In 1924, Horacio Echevarrieta, overwhelmed by debts, sold the Marinchu to two partners, the Norwegian Olle Loevick and the Spanish Enrique Hortet, who transferred the ship to Barcelona and renamed it “Gipsy”. -the legend begins-. In 1936 the Spanish civil war broke out and General Mola created an espionage service called SIFNE, from which prominent figures from the oligarchy, as well as from Catalan literature, science and letters formed. Among them the owners of the Gipsy, who made the ship available to the newly created intelligence and espionage service. They invent a fictitious sale to an English citizen and flag the Gipsy with the “Union Jack”, and the Gipsy goes to war propelled well under sail and by the auxiliary engine and with the radio set installed on board working perfectly. . Under its “disguise” as a sailboat, it processes the merchant traffic that sailed in the area between Marseille, Genoa and Cape La Nao with the SIFNE.

The Gipsy sails under the command of its owners and also an expert sailor of the time, such as Pedro Riviere, who in addition to being a sailor is head of the SIFNE station in Marseille, Manuel Arquer and Miguel Sans, all of them members of the RCN of Barcelona, During this “spy ship” period, the Gipsy was machine-gunned on several occasions and until the restoration of 1969 the ship kept shrapnel from those shots on its hull and rigging.
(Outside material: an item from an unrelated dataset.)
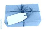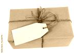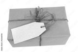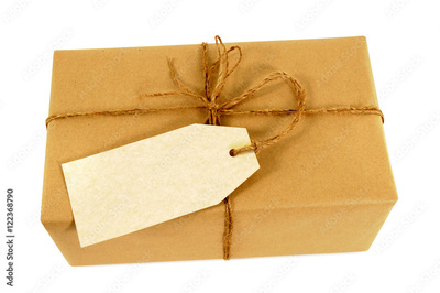 One single small mail package parcel with label or gift tag wrapped brown paper tied with string isolated on white background photo

After the fight, the Gipsy returned to its mooring in the docks of the RCN in Barcelona again under the Spanish flag. After a few years of use and enjoyment by the Hortet family, it was sold to Jose Maria Segarra, who in 1951 sold it for 500,000 pesetas to Jose Luis Rubio (known as Camisón) and Estanislao Sevil, who established the base of the Gipsy in Tarragona. In the years that the Gipsy was in “Tarraco” one of its regular crew members was the then lieutenant of the ship Marcial Sanchez Barcaiztegui, a great promoter together with Eduardo Velarde from Cádiz of the Naval Regatta Commissions of the navy, an entity that arrived more afternoon to direct from Mallorca.
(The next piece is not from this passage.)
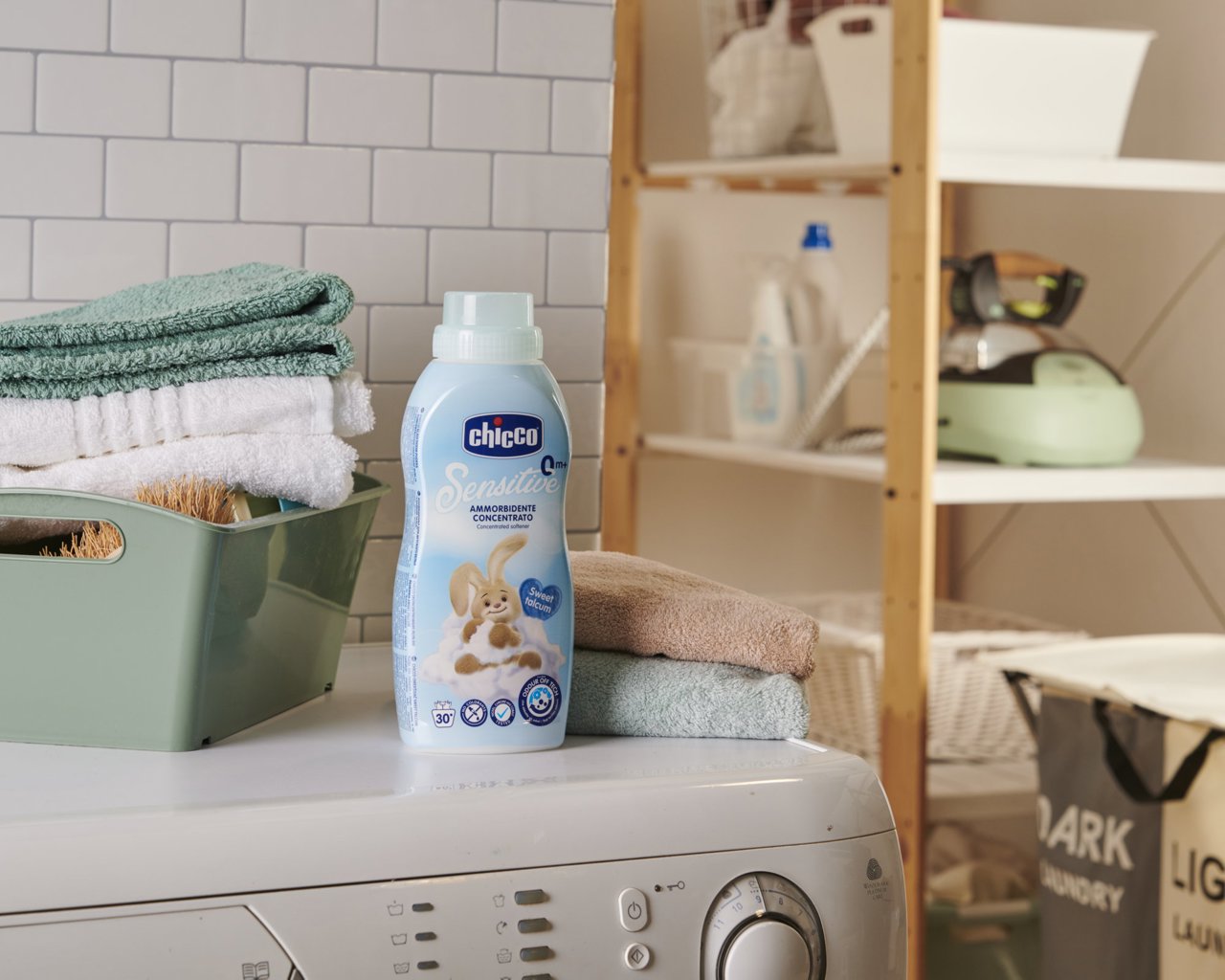 Împrospătează și înmoaie îmbrăcămintea copiilor, fără a irita pielea sensibilă a acestora.

The Rubio and Vilar Rubio families use it as a cruise ship. In the 70s, classic sailing regattas began to be held given the enormous thrust presented by the fleet, both in the north, the RCM Gitana Trophy and RSC of Bilbao, and in the Mediterranean where Jose Ramón Bono created the Conde de Barcelona Trophy regatta. The Gipsy, which had received a good rejuvenation treatment in 1969, triumphs in its class in the first edition of the nautical sports event that brings together the elite of classic Spanish sailing in Palma. He also does it in the first Puig Vela Clásica regatta and in the 2017 Mare Nostrum trophy and was second in the Copa del Rey de Clásicos de Mahón. And a few days ago in this year’s edition of the Club de Mar Trophy, he was again second in his class Época Cangreja.

In 2017 the Gipsy turned 90 years old and was honored as it touches, and that in 2027 it will celebrate its centenary, a fact that very few boats can boast and register in their logbook.

At present, the Gipsy is still in the hands of the Rubio family, and sails under the tutelage of the Fundación Vela Clásica de España, of which we say is its “flagship”, with the fireproof and beloved Petete Rubio at the head of this precise Colín Archer, who has many more miles of sailing ahead of him, hopefully almost always with good winds.